◆ **TASK TO CARRY OUT**: Set the pictures aside and transcribe exactly the lines from the one containing "- 10가지 이상의 반찬: 양념게장, 달걀부침, 각종" through the final line of the records.

Collected data:

--------------------------------------------------

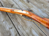 Nachbau einer leichten Jägerbüchse, entstanden aus einem amerikanischen Kit von Jim Kibler. Basis war der Kit einer Colonial Rifle von Kibler's Longrifles, der Green Mountain Lauf im Kaliber .50 wurde auf 81cm Länge gekürzt, Gesamtlänge 120,5cm, Abzugslänge ca. 35cm. Der Lauf ist konisch,von 29mm an der Schwanzschraube verjüngt er sich bis zur Mündung auf 20mm. Leichtgängiger, trockener Abzug und blitzschnelle Zündung. Gewicht ca. 3,8Kg. Sehr schönes Ahorn Schaftholz, Vorderschaftabschluss aus schwarzen Horn. Die Waffe hat einen amtlichen, deutschen Beschuss, Stempel im nicht sichtbarem Bereich auf der Laufunterseite.
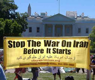 | Cartaz com a inscrição: Pare a guerra ao Irã antes dela começar. |
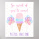 Este sinal adorável será um excelente adicional a uma festa temática sorvete. Enquadre o sinal e mostre-o na sua mesa a favor do partido. O design apresenta sorvete de cor d'água colorido do arco-íris pastel com falso confetti de folha de ouro.
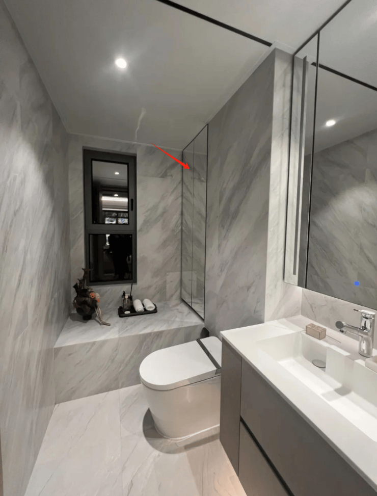 卫生间更恐怖!光是一个卫生间里的镜柜,金茂都能玩出新花样,下图是主卧卫生间一进门的实景,镜柜直接到顶,甚至侧面都做了镜面。
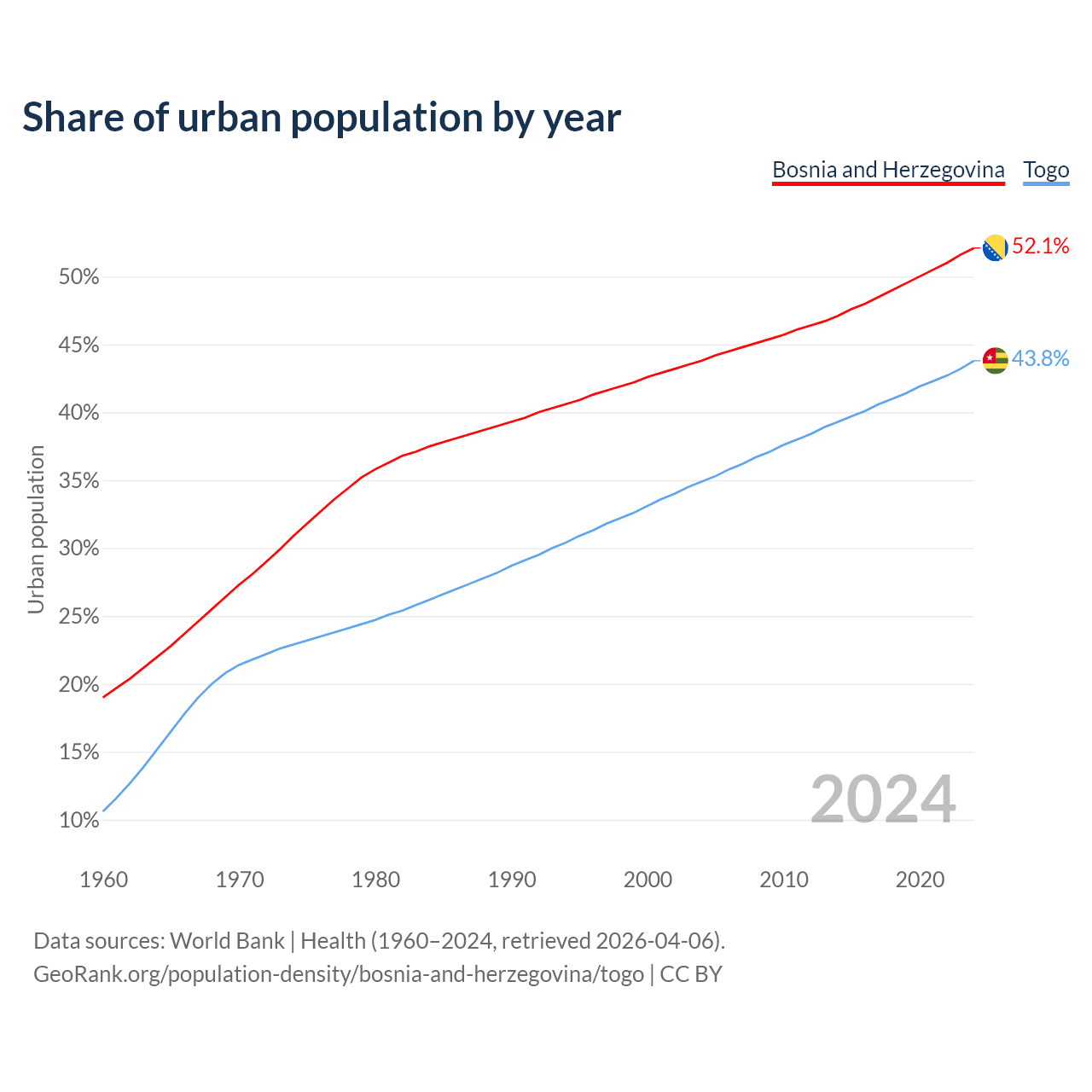 From 2004 to 2024, the share of urban population changed from 43.8% to 52.1% in Bosnia and Herzegovina and from 34.9% to 43.8% in Togo.
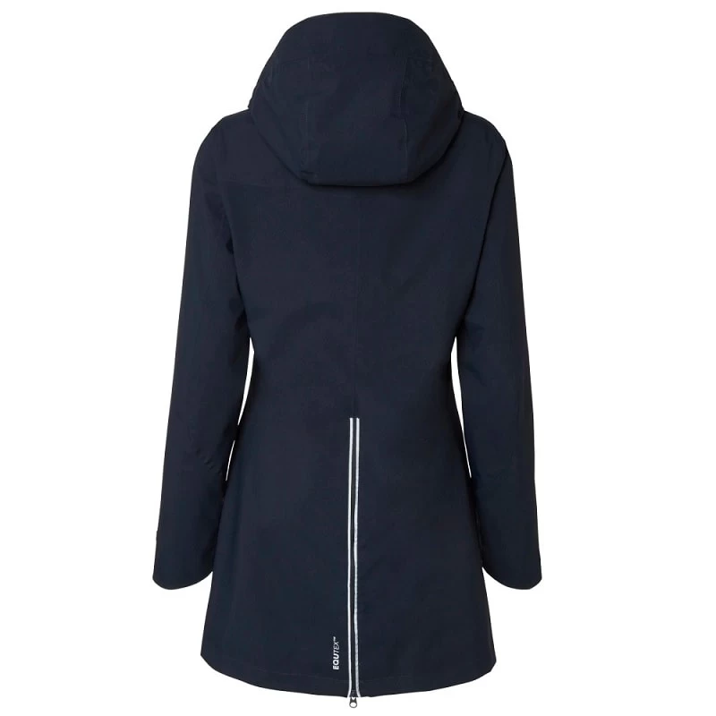 The raincoat is waterproof with breathable function and taped zippers.
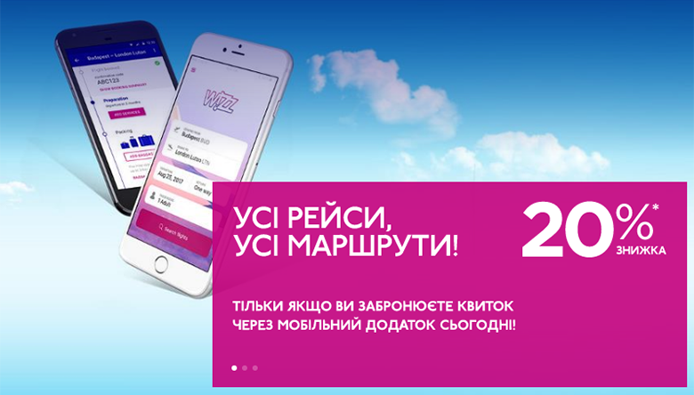 Авиакомпания Wizz Air предлагает скидку 20% на все билеты и маршруты при условии бронирования через мобильное приложение и бронирования билетов сегодня, 5 декабря 2017 г.
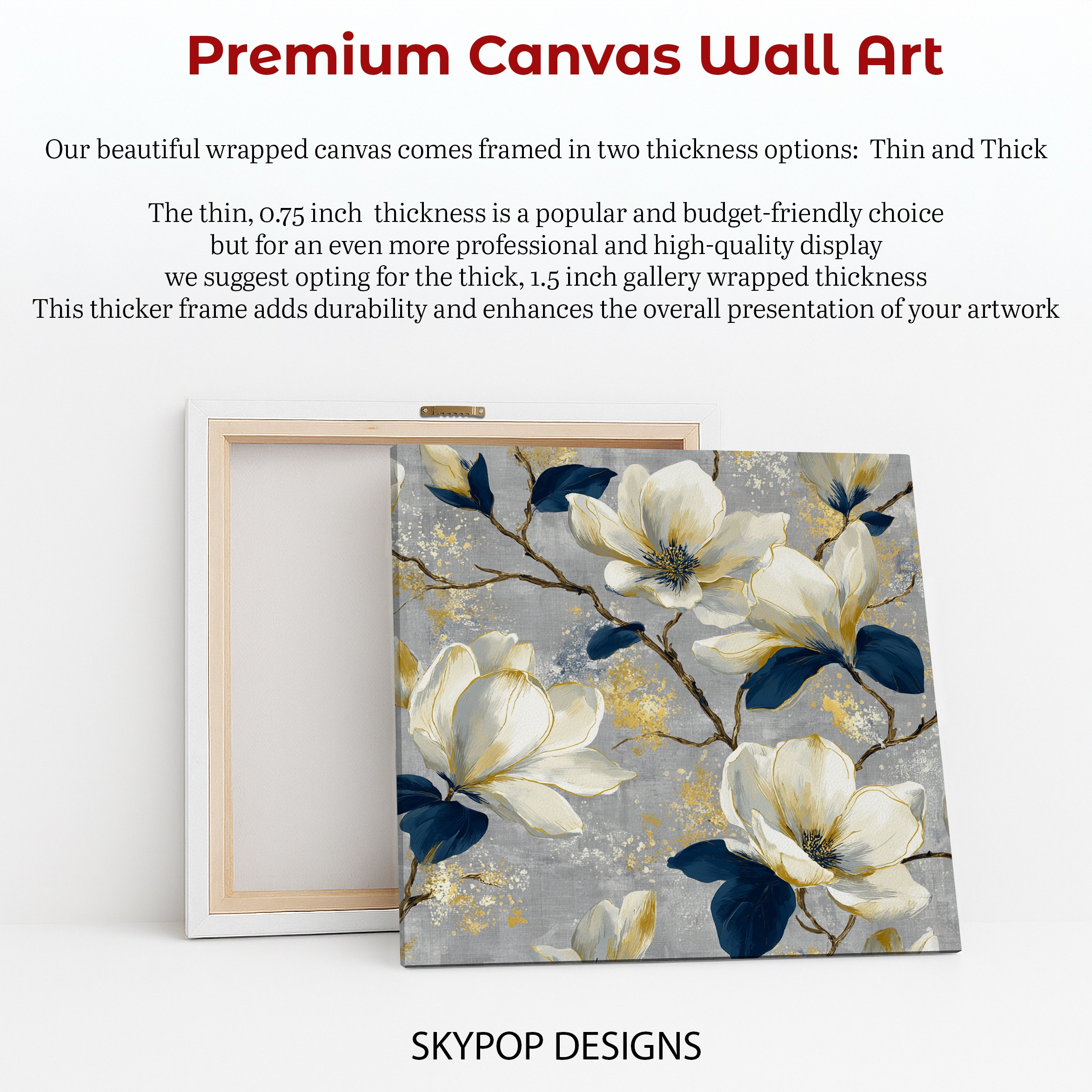 Transform your space with this stunning magnolia canvas wall art, featuring elegant white blooms against a sophisticated grey background. This eye-catching poster seamlessly blends contemporary style with timeless floral beauty, making it perfect for modern living rooms or minimalist bedrooms. The striking contrast of navy blue leaves and delicate gold accents adds depth and luxury to the composition, elevating any room’s decor instantly. Ideal for those seeking a touch of nature-inspired glamour, this piece works beautifully in dining rooms or home offices, creating a serene yet stylish atmosphere. The large, lifelike magnolia flowers captivate viewers with their intricate details and soft, creamy petals, while splashes of metallic gold bring a sense of opulence and warmth. This versatile canvas art adapts effortlessly to various interior styles, from sleek modern spaces to more traditional settings. Perfect as a statement piece or part of a gallery wall, it’s sure to spark conversations and admiration. The high-quality printing ensures every brushstroke and golden highlight is captured in vivid detail, making this a long-lasting addition to your home decor. Whether you’re redecorating or searching for the perfect housewarming gift, this magnolia wall art offers timeless elegance and contemporary flair. Elevate your space today with this captivating blend of nature and artistry.
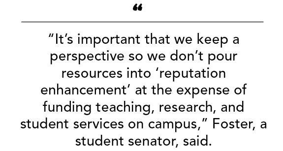 “It’s important that we keep a perspective so we don’t pour resources into ‘reputation enhancement’ at the expense of funding teaching, research, and student services on campus,” said Foster.
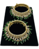 Pair of kundan bangles with lock and pearls comes with 3 different material Ruby, Emeralds and just Pearls.
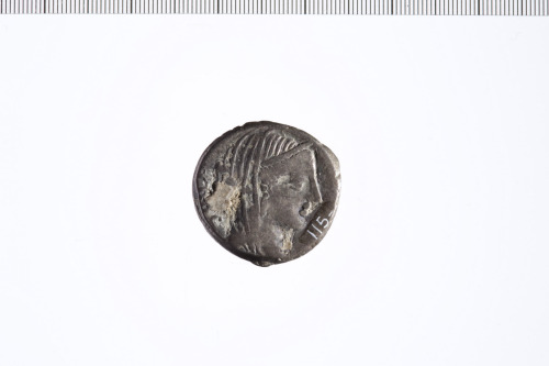 Testa di Giunone a d. con diadema, velo e con scettro sulla spalla. Contorno perlinato.
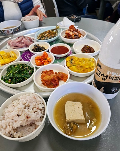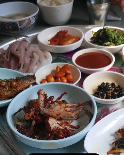 - 10가지 이상의 반찬: 양념게장, 달걀부침, 각종 나물, 구수한 된장국 등이 한 상 가득 차려져요.
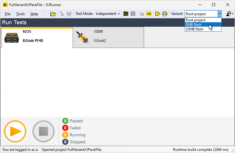 Run Tests screen), the Variant dropdown menu in the tool bar allows you to select which variant to run:

--------------------------------------------------

◆ **SOLUTION FOR THIS TASK**:
 - 10가지 이상의 반찬: 양념게장, 달걀부침, 각종 나물, 구수한 된장국 등이 한 상 가득 차려져요.
 Run Tests screen), the Variant dropdown menu in the tool bar allows you to select which variant to run:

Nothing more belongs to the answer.